**PROBLEM DETAILS**
Word for word, output every line of the material below, minus pictures.

**DATA EXCERPT**
◇ ◇ ◇ ◇ ◇ ◇ ◇

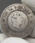 Legende auf der Rückseite: REY DE LAS ESPAÑAS RESELLADO 10 RS. ·S· ·M· ·R·
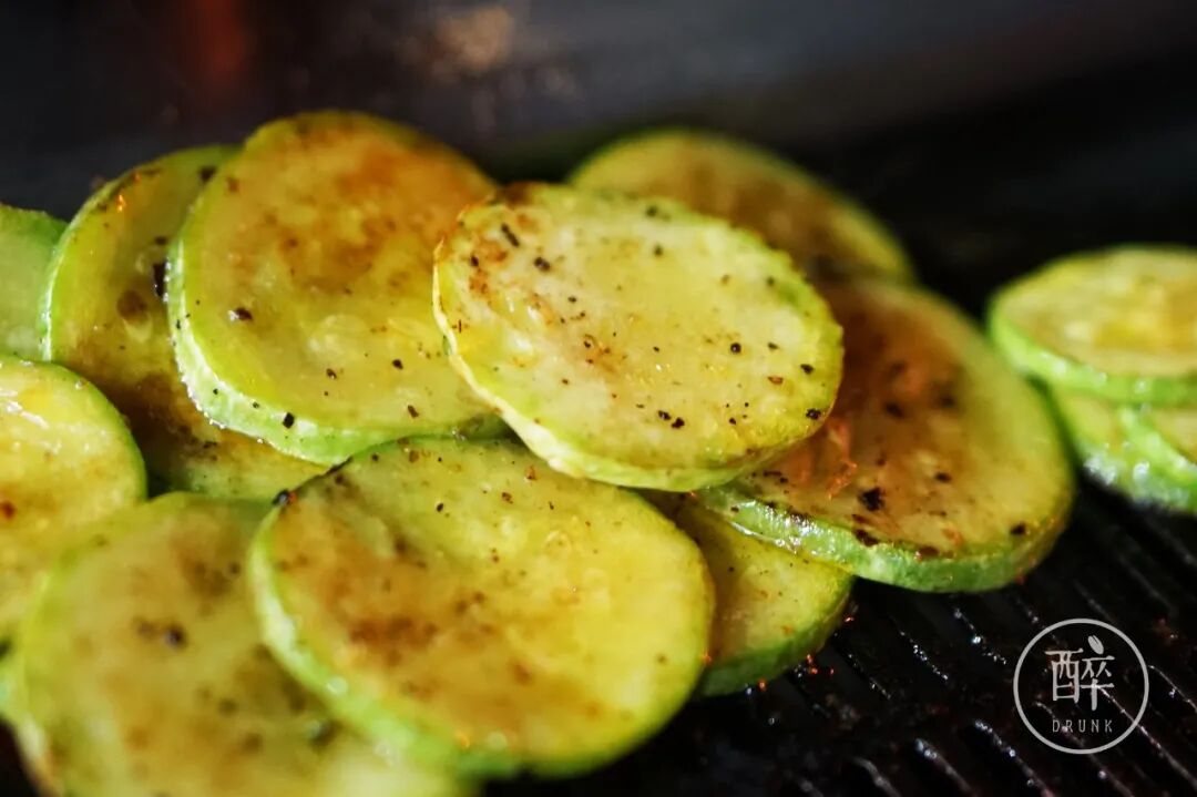 一大盆清油上面微微调了点料,三月瓜两面烤一下,直接爆汁水。
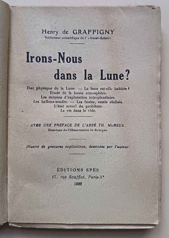 Éditions Spes, collection Savoir n°5, 1 volume cartonné de format 16,5 x 11 cm, 188 pages, préface de l'Abbé Moreux, dessins de l'Auteur, bon état. Frais de port en supplément.

◇ ◇ ◇ ◇ ◇ ◇ ◇

**SOLVED PROBLEM**
 Legende auf der Rückseite: REY DE LAS ESPAÑAS RESELLADO 10 RS. ·S· ·M· ·R·
 一大盆清油上面微微调了点料,三月瓜两面烤一下,直接爆汁水。
 Éditions Spes, collection Savoir n°5, 1 volume cartonné de format 16,5 x 11 cm, 188 pages, préface de l'Abbé Moreux, dessins de l'Auteur, bon état. Frais de port en supplément.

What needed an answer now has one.